─── Record excerpts
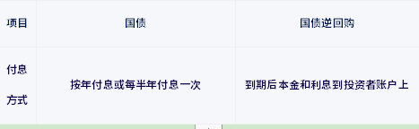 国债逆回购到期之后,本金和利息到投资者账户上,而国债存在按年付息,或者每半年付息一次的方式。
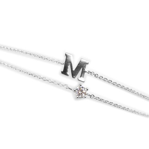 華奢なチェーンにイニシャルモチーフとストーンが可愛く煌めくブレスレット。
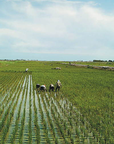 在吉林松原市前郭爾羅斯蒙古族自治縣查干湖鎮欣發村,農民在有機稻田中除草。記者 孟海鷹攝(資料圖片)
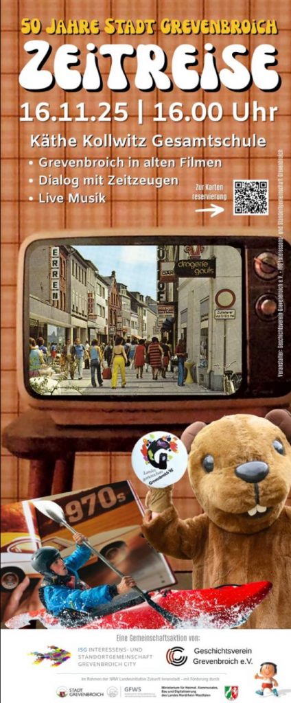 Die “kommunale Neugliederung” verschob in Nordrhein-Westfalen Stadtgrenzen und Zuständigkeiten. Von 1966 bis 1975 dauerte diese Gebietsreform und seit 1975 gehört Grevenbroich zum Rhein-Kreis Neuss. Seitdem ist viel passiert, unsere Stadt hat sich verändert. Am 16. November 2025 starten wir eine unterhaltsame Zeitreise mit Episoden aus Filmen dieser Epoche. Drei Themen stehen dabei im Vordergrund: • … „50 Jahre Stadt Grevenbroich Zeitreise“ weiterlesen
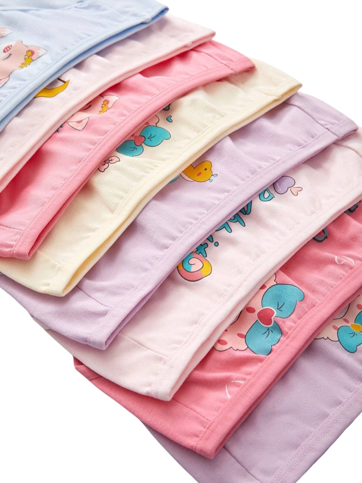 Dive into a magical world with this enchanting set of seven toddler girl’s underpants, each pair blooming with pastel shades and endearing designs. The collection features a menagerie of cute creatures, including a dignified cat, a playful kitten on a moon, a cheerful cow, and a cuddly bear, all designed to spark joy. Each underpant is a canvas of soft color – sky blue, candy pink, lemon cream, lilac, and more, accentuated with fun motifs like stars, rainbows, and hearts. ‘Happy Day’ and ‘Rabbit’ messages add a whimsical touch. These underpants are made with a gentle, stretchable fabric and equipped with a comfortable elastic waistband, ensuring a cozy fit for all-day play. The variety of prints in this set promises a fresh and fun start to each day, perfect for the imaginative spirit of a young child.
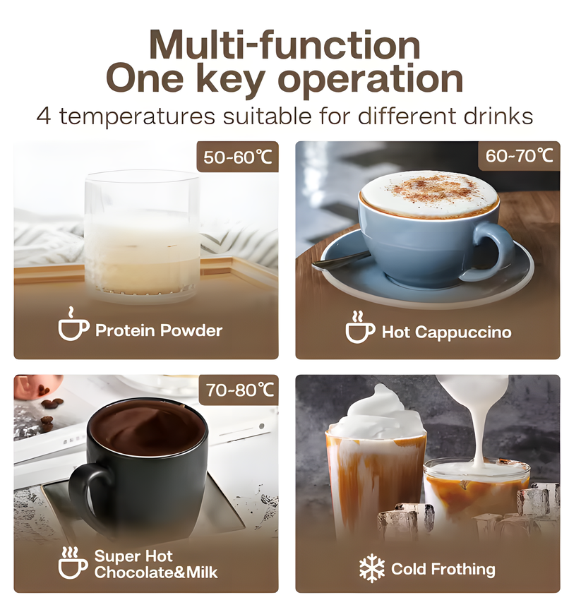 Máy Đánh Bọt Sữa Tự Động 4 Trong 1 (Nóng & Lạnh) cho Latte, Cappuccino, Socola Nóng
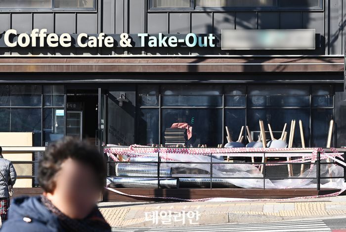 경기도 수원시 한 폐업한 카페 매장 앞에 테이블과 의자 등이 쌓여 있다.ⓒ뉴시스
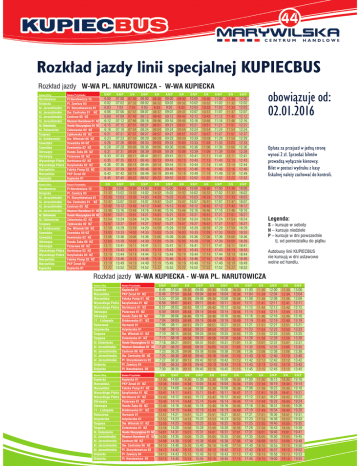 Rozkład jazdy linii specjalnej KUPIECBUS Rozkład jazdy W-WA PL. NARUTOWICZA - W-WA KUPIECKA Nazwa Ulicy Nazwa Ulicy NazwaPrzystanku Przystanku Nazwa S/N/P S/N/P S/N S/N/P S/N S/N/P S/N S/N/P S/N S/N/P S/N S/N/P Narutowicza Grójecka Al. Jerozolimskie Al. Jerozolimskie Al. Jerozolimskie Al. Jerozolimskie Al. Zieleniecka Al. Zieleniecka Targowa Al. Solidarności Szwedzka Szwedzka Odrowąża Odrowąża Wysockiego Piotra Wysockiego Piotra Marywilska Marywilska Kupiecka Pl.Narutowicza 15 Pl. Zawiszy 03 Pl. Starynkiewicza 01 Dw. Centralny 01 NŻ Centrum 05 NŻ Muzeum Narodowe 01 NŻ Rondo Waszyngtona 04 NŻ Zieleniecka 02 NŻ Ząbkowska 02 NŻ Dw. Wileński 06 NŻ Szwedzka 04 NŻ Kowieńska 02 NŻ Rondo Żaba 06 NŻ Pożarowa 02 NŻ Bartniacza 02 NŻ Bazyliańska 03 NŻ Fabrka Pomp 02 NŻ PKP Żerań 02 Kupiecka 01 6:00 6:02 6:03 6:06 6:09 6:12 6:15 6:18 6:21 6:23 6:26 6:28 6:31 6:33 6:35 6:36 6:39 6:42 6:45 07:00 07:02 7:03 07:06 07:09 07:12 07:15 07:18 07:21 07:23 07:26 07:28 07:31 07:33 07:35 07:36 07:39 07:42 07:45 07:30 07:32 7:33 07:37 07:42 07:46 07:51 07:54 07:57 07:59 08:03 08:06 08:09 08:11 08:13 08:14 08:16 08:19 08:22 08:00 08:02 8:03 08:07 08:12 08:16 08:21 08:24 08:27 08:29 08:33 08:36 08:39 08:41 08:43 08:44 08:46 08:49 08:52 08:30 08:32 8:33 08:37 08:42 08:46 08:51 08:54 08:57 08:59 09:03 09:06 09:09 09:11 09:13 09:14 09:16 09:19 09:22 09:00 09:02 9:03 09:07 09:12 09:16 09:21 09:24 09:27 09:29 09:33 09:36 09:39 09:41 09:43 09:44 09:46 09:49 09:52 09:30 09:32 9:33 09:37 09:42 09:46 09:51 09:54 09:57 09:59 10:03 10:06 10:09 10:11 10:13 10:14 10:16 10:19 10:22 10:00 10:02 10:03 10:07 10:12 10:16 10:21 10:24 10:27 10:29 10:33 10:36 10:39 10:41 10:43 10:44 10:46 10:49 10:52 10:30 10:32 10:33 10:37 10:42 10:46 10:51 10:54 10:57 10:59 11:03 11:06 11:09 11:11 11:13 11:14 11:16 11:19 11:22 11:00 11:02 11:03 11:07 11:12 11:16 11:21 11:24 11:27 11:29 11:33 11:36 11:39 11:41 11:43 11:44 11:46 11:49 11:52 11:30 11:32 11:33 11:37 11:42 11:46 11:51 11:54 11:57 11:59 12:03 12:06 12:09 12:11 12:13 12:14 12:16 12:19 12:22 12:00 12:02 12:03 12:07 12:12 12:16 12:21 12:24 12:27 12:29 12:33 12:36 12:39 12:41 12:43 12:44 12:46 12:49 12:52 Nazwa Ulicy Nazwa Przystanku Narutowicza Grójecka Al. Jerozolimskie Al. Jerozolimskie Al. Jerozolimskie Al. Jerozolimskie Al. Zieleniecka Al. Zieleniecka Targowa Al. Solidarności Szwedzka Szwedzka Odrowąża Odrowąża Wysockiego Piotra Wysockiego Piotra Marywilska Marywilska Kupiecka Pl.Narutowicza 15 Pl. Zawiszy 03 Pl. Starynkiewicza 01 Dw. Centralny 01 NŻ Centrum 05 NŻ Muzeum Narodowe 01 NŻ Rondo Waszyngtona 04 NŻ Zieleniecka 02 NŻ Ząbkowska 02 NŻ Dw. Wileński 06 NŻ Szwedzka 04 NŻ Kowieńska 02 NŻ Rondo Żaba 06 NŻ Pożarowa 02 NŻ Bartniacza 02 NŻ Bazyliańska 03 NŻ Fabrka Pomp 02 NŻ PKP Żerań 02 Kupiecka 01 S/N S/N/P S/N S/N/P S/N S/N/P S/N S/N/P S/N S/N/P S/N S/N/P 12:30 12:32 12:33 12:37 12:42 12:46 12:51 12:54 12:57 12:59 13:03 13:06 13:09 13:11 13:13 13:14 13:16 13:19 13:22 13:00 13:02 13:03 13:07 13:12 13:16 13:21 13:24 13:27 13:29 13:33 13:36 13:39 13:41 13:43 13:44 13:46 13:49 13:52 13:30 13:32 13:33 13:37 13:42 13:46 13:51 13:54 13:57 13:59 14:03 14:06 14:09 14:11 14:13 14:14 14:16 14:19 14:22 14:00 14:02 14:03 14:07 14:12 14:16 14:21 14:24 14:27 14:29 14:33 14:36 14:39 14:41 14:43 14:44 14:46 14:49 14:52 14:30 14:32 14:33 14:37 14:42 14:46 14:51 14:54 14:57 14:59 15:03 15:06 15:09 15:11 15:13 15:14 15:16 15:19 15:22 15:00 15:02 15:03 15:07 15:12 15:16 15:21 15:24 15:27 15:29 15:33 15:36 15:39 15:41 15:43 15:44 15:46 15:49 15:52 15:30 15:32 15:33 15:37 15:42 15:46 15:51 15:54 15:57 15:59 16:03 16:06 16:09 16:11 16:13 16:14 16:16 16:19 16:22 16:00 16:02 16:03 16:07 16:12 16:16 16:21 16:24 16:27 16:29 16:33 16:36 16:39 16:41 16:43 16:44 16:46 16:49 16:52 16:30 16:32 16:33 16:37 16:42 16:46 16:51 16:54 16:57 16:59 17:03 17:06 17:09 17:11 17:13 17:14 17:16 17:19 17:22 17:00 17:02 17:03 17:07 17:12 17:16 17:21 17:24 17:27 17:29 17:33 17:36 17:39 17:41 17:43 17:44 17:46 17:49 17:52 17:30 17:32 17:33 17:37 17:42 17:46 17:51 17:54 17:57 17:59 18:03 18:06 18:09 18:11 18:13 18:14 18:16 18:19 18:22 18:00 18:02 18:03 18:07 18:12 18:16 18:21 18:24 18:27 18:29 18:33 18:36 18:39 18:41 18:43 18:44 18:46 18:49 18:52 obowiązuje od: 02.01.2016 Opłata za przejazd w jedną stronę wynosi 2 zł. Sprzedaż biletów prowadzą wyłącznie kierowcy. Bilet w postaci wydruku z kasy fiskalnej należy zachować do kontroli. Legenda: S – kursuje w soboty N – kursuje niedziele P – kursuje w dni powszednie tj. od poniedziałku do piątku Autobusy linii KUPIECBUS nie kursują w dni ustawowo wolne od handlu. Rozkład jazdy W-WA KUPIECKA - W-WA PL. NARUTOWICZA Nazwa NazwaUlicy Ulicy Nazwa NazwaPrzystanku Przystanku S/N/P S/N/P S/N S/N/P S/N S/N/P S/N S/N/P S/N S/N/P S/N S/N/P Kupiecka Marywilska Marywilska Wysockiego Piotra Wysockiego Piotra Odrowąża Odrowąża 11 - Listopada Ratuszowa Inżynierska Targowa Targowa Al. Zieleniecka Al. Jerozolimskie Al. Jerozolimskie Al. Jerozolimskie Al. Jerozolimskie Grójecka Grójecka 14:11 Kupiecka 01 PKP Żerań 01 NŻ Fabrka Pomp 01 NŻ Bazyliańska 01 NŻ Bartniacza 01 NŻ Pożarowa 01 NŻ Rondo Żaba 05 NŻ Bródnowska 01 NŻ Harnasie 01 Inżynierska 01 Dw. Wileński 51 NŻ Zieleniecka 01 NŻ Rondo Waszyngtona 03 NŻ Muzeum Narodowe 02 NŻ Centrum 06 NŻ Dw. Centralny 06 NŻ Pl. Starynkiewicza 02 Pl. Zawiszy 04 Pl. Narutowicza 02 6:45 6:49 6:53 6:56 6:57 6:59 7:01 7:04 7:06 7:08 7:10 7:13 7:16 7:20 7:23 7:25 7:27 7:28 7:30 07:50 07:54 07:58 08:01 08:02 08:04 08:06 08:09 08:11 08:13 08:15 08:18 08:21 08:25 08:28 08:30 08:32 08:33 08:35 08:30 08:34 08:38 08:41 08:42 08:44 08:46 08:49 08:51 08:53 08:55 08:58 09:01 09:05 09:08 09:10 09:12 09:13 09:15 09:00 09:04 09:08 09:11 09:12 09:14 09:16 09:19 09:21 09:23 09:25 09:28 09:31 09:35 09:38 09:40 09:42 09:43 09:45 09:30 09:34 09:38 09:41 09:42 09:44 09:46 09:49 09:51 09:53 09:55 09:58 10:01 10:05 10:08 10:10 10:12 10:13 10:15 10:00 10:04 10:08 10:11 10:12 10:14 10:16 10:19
──────
Only the lines above starting with the line with "Dive into a" and going on through the line with "경기도 수원시 한 폐업한 카페 매장 앞에 테이블과 의자 등이 쌓여 있다.ⓒ뉴시스" belong in the answer; repeat them exactly, minus any picture.

 Dive into a magical world with this enchanting set of seven toddler girl’s underpants, each pair blooming with pastel shades and endearing designs. The collection features a menagerie of cute creatures, including a dignified cat, a playful kitten on a moon, a cheerful cow, and a cuddly bear, all designed to spark joy. Each underpant is a canvas of soft color – sky blue, candy pink, lemon cream, lilac, and more, accentuated with fun motifs like stars, rainbows, and hearts. ‘Happy Day’ and ‘Rabbit’ messages add a whimsical touch. These underpants are made with a gentle, stretchable fabric and equipped with a comfortable elastic waistband, ensuring a cozy fit for all-day play. The variety of prints in this set promises a fresh and fun start to each day, perfect for the imaginative spirit of a young child.
 Máy Đánh Bọt Sữa Tự Động 4 Trong 1 (Nóng & Lạnh) cho Latte, Cappuccino, Socola Nóng
 경기도 수원시 한 폐업한 카페 매장 앞에 테이블과 의자 등이 쌓여 있다.ⓒ뉴시스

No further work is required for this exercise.